How thick are the absorbers and what material are they made of? 
Do you also have them on the first reflection points on your side walls? 
What other room treatments do you have? 
Is your room in your basement? 
If so:
Do you have a subfloor with insulation or is it carpet with underpad over concrete? 
Are your walls stuffed with insulation from floor to ceiling? 

What I'm thinking is that your RT60 over the frequency spectrum may be uneven. High at some frequencies and low at others. You might also have reflected sound reaching your ears from first or second reflection points (but not at all frequencies) smearing the sound. If you do a waterfall graph in REW it will give you a better understanding.


----------



## Wewill

For days now, I have been racking my brain, and my back muscles, in trying to eliminate the distorted audio I am hearing from my new center speaker connected to my new Denon AVR. I tried to watch a new Blu-ray movie last night, but I couldn’t get into the film because the vocals from the center speaker were so distorted – and the volume of the AVR was set at about -20dB!

Due to some great advice I received on this forum, I have improved the frequency response of the Center channel in a previously depressed range from about 1.5kHz to 2.5kHz. However, with the Audyssey calibration On or Off, the frequency response I am measuring at my PLP rolls-off almost linearly from about 2kHz on up. (B/T/W, Wayne noticed this in a very early post on this thread, but I failed to fully appreciate his insight.)

My first thought was my Umic-1 was not responding appropriately in the higher frequencies. Fortunately, I have a second Umic-1 and was able to compare the two. While I was very impressed by how closely they tracked in response to the same audio signal, my theory was shot down. I concluded there is nothing wrong with the mic I am using.

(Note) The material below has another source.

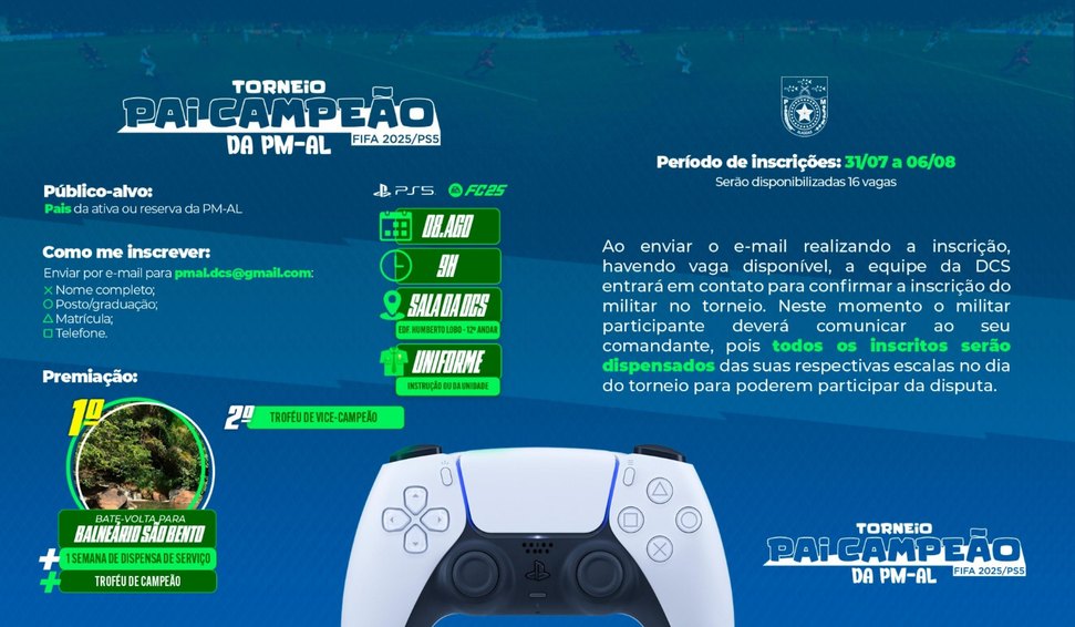 Por meio da plataforma Console Playstation 5, o sistema de disputa entre os pais ocorrerá na modalidade eliminatória simples (mata-mata), com simulação de jogos on-line. As inscrições estão abertas e seguem até o dia 6 de agosto, limitadas a 16 vagas, por ordem de chegada dos pedidos ao e-mail [email protected]. Podem participar pais da ativa ou da reserva remunerada da corporação. Aos da ativa, serão limitadas até duas vagas por unidade.

My next thought was to suspect the acoustic treatment I have in my home theater. Until yesterday afternoon, I had a 4’ by 8’ acoustic absorption panel at the first reflection points on both side walls and on the ceiling. I also had much thicker absorption across the back wall. With some significant effort, and some back sprain, those panels are now removed. But, removing those panels had no effect on the high frequency roll-off, as can be seen in the following REW scans:









My next idea was to apply some manual EQ to the system to supplement what the Audyssey calibration was doing. Instead of starting with a fresh manual equalizer with all of the settings at 0dB, I was able to use the copy feature of my AVR to transfer the Audyssey EQ boost/cut levels to the manual equalizer. My plan was to modify the manual EQ to try to have a more flat frequency response in the mid and high frequency ranges.
When I opened the manual EQ, with the copied Audyssey settings, I was very surprised to see Audyssey was already boosting the frequencies from 2kHz on up. Here is a photo of the manual EQ from the Denon AVR as displayed on my plasma TV:









And, here is a close up view of the same image:









As you can see, the Audyssey is already boosting the following frequency bands by the maximum of 6dB:2--16kHz. It has been my understanding that applying an EQ, especially in the mid and high frequencies, should be limited to cutting, not boosting (although, I have read a few authors who don’t think a judicious boost of up to 3dB is that bad). If my math is correct, a 3dB boost requires a doubling of audio output power, so 6d6B requires a factor of 4 increase in power.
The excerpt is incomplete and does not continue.